Weekender: ‘100 Views of Tokyo’, Three Festivals, But Only One Lauren Purje
The weekend is here! Take a look back at what’s happened in the past seven days. New comics, new stories, new podcasts, new art being made — it’s all part of the ComicsAlliance Weekender!
In what could best be described as a light week for comics news --- i.e. barely anything happened --- yesterday did see a report and then a confirmation that comics publisher Double Take will be shutting down at the end of the month. This was the publisher fronted by Bill Jemas, which published ten or so comics a week all set within the world of Night of the Living Dead.
With a huge number of comics being put out every week, most of them with vague titles and writers/artists who didn’t have an immediate name-value with comics readers (Jemas himself was possibly the most well-known, as he wrote several of the books), the publisher was always going to be a hard sell into the market, but somehow has lasted around a year.
As noted in the above linked article, Double Take attempted a lot of publishing initiatives, including giving out thousands of free comics at Comic-Con this year, and was ubiquitous in its marketing on websites like The Outhousers. But the reviews were weak, the books were never distinguished from one another, and readers didn’t get a clear idea of how the line was meant to work. It’s likely these all contributed to the publisher's closure. It’s always a shame when a comics publisher shuts down, but that’s the business.

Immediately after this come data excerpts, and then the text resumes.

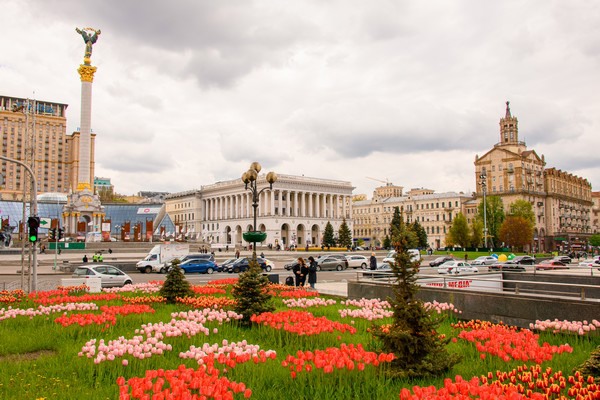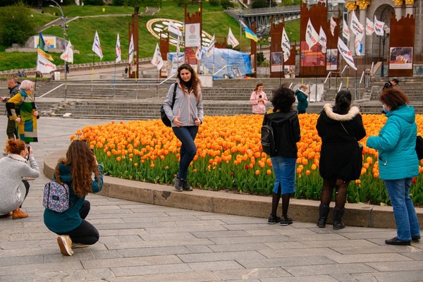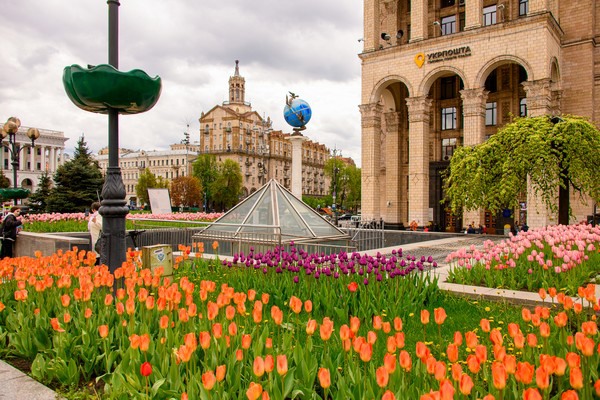 Ruim honderdduizend Nederlandse tulpen bloeien op het beroemde Maidanplein in de Oekraïense hoofdstad Kiev. Dagelijks komen duizenden mensen genieten van de Hollandse bloemenpracht.
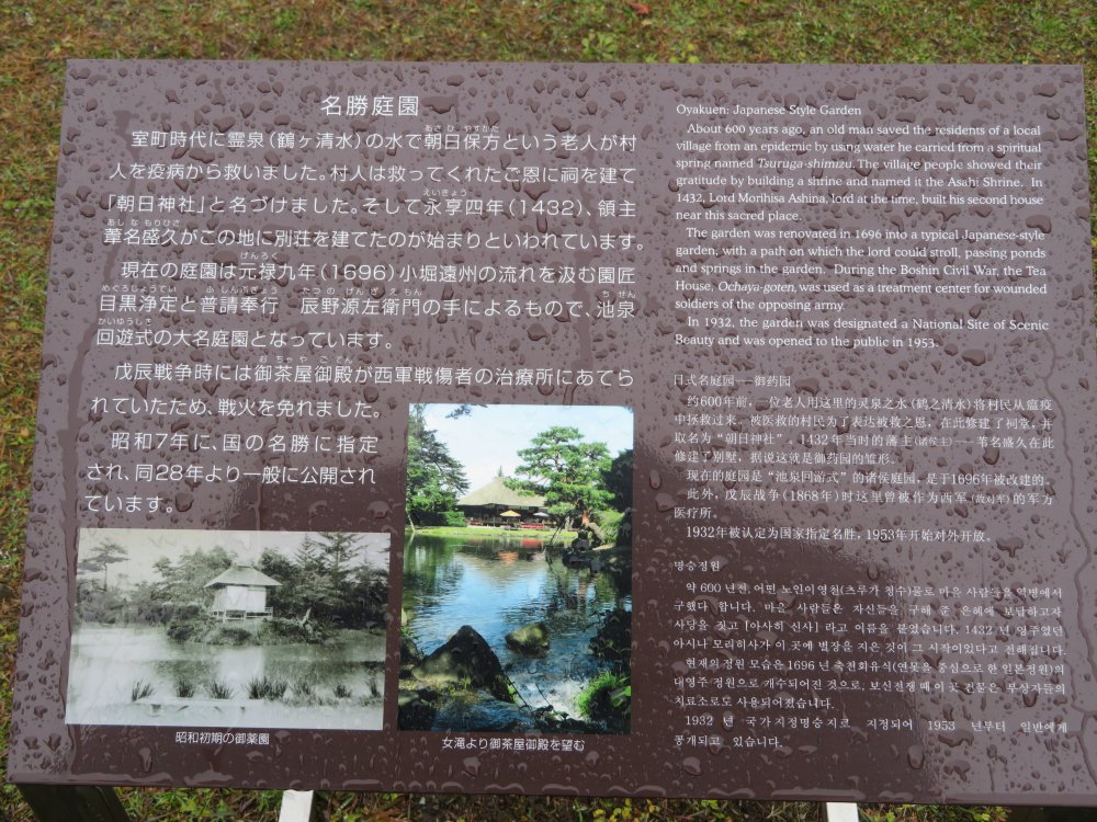 A signboard in front of the garden tells you the history of Oyakuen.
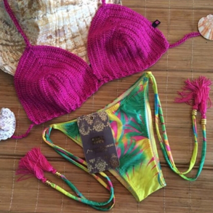 Sexy Knitted Floral Print Bikini Set
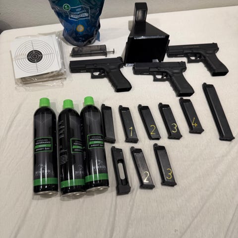 Rigtig fin glock 17 co2, med tilhørende co2 petroner, olie co2 petroner (vedligehold) kugler og 2 holster
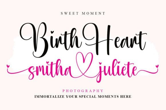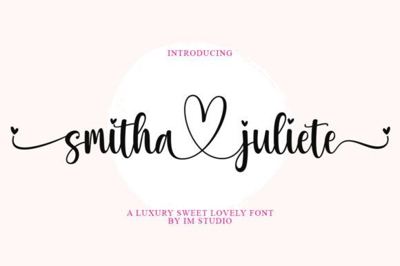 Smitha Juliete Script Font is an enchanting, single-stroke handwriting font that exudes playful elegance. Its delightful feature – a heart-shaped flourish – instantly crafts an atmosphere of romance and affection. With its inherent charm and simplicity, this font breathes life into Valentine-themed creations, wedding invites, and birthday greetings.
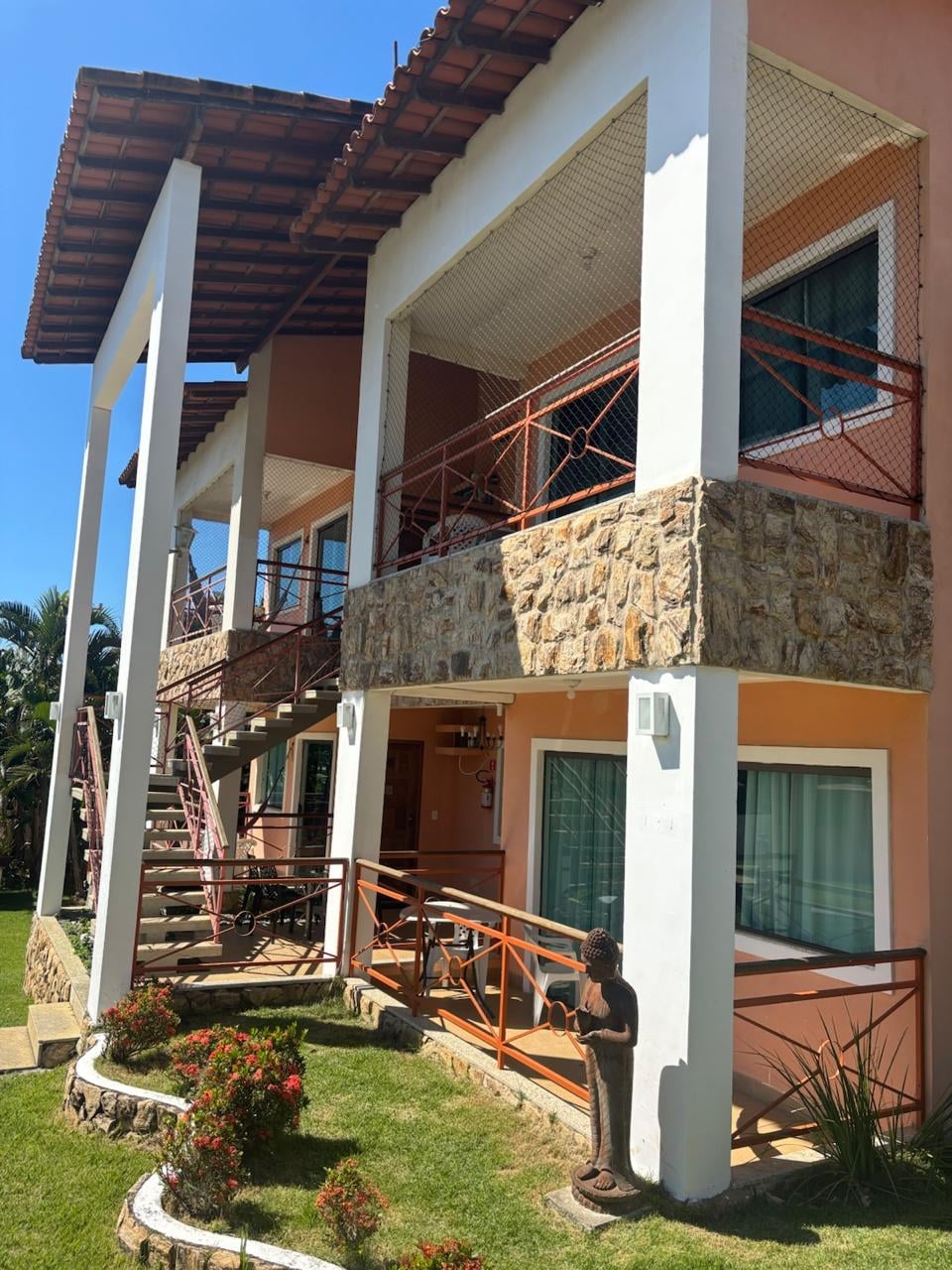 Ficamos eu e meu esposo o prazo de duas diárias e o local foi é razoável, uma decoração maravilhosa, quarto amplo, o quarto e banheiro limpos, tv sky, ar condicionado, frigobar, cama muito boa. Mas os pontos fracos não tem como voltar nela, o local é muito afastado de tudo, difícil para Uber aceitar e por isso fica isolado, tem uma taxa por pessoa de 10 reais pra pagar pra uso da churrasqueira de 10 reais que não entendi o pra que cobram, pois as churrasqueiras (as três disponíveis) estavam sujas, não tem espaço de criança, e por último a maior decepção foi o café, 3 tipos de bolos doces, pão, queijo e presunto, 3 tipos de frutas, pão de queijo e salgadinho, café, suco e iogurte, péssimo, as coisas geladas, nada fresco, bolos tirados da geladeira (com certeza). O atendimento foi bom mas tem muito o que melhorar em hospedagem. NÃO RECOMENDO.
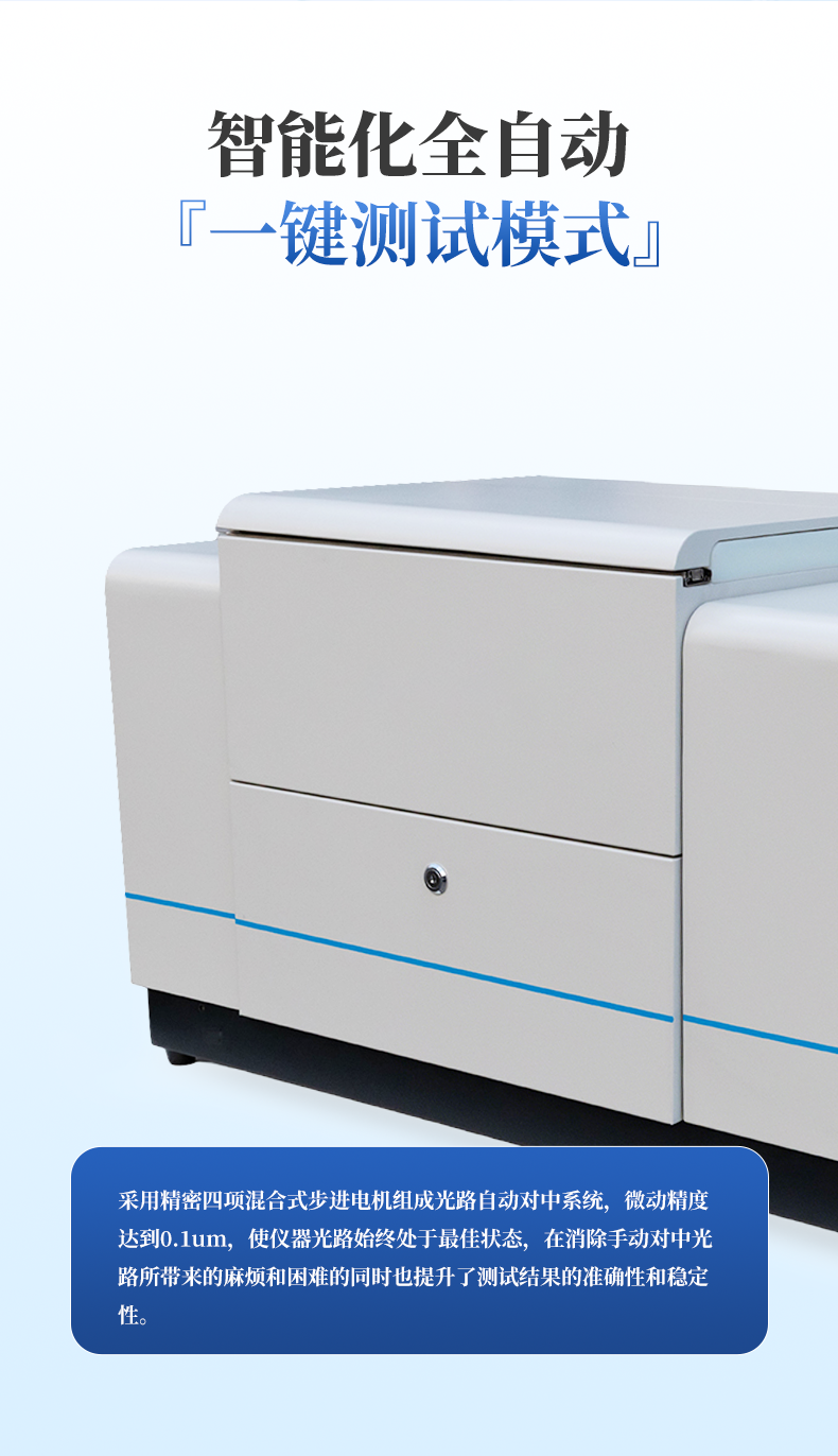 | 智能操作模式 | 具有智能化全自動操作模式,實現一鍵測試,即只要根據提示加入樣品,點擊“自動測試”,所有操作過程包括進水、分散、循環、測試、清洗、數據記錄、數據分析、保存及打印等全部自動完成,不僅減輕了測試人員的工作量,而且消除了人為因素的干擾誤差,進一步提高了測試的精度和結果的真實性。 |

I missed this at the time, but Chris Roberson and Dennis Culver announced that their Monkeybrain series Edison Rex, which I believe was one of the publisher’s last ongoing comics, will be retooling itself as a Patreon-funded webcomic. With books like Amelia Cole and perhaps Bandette seemingly wrapped up, that would suggest a refocusing away from the Monkeybrain brand. Two pages of the series will be published every week, until the comic catches up with the print version, and new stories will follow thereafter.
Top Shelf has announced that one of its next releases is Lauren Purje’s You Might Be An Artist If…, which is planned for publication in 2017. A collection of short strips and comics that center on her ruminations on what exactly it is to be a working artist today, It looks like a wonderful collection to read whilst fretting about your deadlines.
Three big events this weekend, with Short Run, Comic Arts Brooklyn, and Thought Bubble 2016 all taking place at once!
Short Run takes place in Seattle on Saturday 5th. The festival has always focused on bringing in a core group of guests who spread their influence from bases around the world, and this year will welcome artists including Inés Estrada, Hatem Imam, and Kerascoët. Dash Shaw will also be there, debuting some new material, and I note that Estrada will be teaching Spanish-language workshops, which sounds like a wonderful idea. You can find out more about the festival on the official site.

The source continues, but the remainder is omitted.